En récapitulant cette chronologie, on constate que les événements mentionnés dans le texte initial publié en 1636, à savoir la fin du siège de Louvain, la prise du fort de Schenk, la prise de Gennep, la prise de Trèves et du duché de Limbourg, ont tous eu lieu entre les mois de mars et d’octobre 1635. Dans la réédition publiée en 1637, l’auteur ajoute le récit d’un combat naval en date du 24 février 1637, mais il ajoute aussi un détail au sujet du fort de Schenk : « annum circiter […] servatum ». Si l’auteur s’enorgueillit que les troupes espagnoles aient conservé la place près d’un an – à peine plus de neuf mois en vérité – c’est qu’il a appris qu’elle a été perdue. Et c’est certainement la raison pour laquelle il ne l’associe plus à la ville de Gennep. Dans la version de 1636, les deux places de Schenk et de Gennep sont associées au même participe « captum », alors que dans la version de 1637, Gennep est « captum, & retentum » alors que Schenk est seulement « captum, & […] annum circiter […] servatum » car, dans l’intervalle, la première fut conservée mais la deuxième, perdue.

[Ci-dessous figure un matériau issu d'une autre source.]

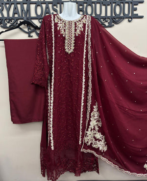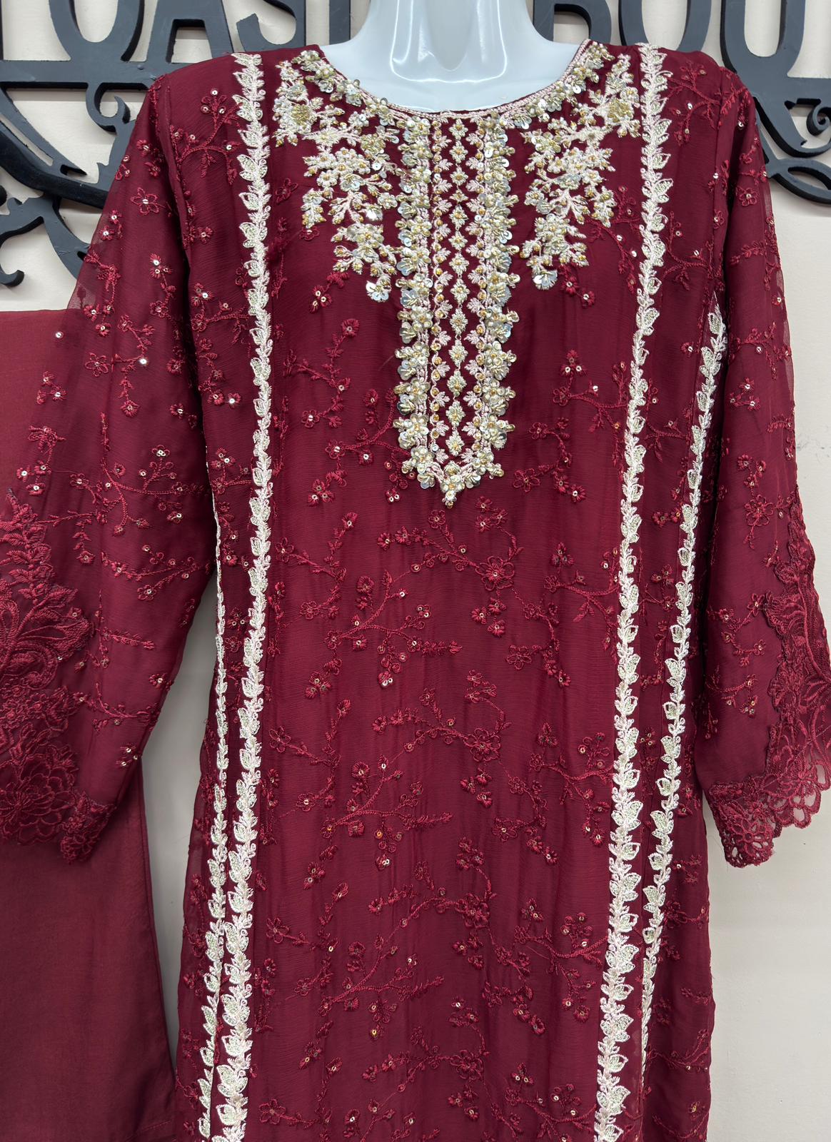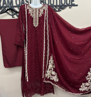 3 Pcs Red Chiffon Embroidered Suit with Fully Lined Shirt & Dupatta

La raison pour laquelle Claude Clément fait cet ajout est évidente : il cherche à donner de nouvelles preuves de la force des armées espagnoles afin d’appuyer sa théorie politique providentialiste : une armée qui se bat pour Dieu ne peut échouer. Mais il donne également des informations sur le sens qu’il veut donner à son texte. S’il tient à ajouter des événements qui se sont déroulés entre l’édition des deux textes, c’est parce qu’il souhaite que la dernière version soit aussi proche de l’actualité que l’était la première. Pour preuve : la référence temporelle la plus récente se trouve dans la version en espagnol. Dans les quelques semaines de l’année 1637 qui ont séparé l’édition latine et l’édition espagnole, l’auteur est parvenu à ajouter une dernière information d’actualité. C’est ce qui fait l’une des caractéristiques de l’œuvre : elle est émaillée d’événements historiques remontant parfois aux temps bibliques mêlés à des informations récentes de quelques mois, voire de quelques semaines au moment de la mise sous presse. Claude Clément a besoin de montrer une forme de cohérence transhistorique, comme si toutes les luttes religieuses, depuis celles de Gédéon contre les Amalécites et jusqu’à celles des marins de Dunkerque contre les Hollandais, venaient démontrer le même principe : Dieu soutient ceux qui affrontent les hérétiques. Dans le contexte de la guerre de Trente Ans, le message adressé à Philippe IV est très clair.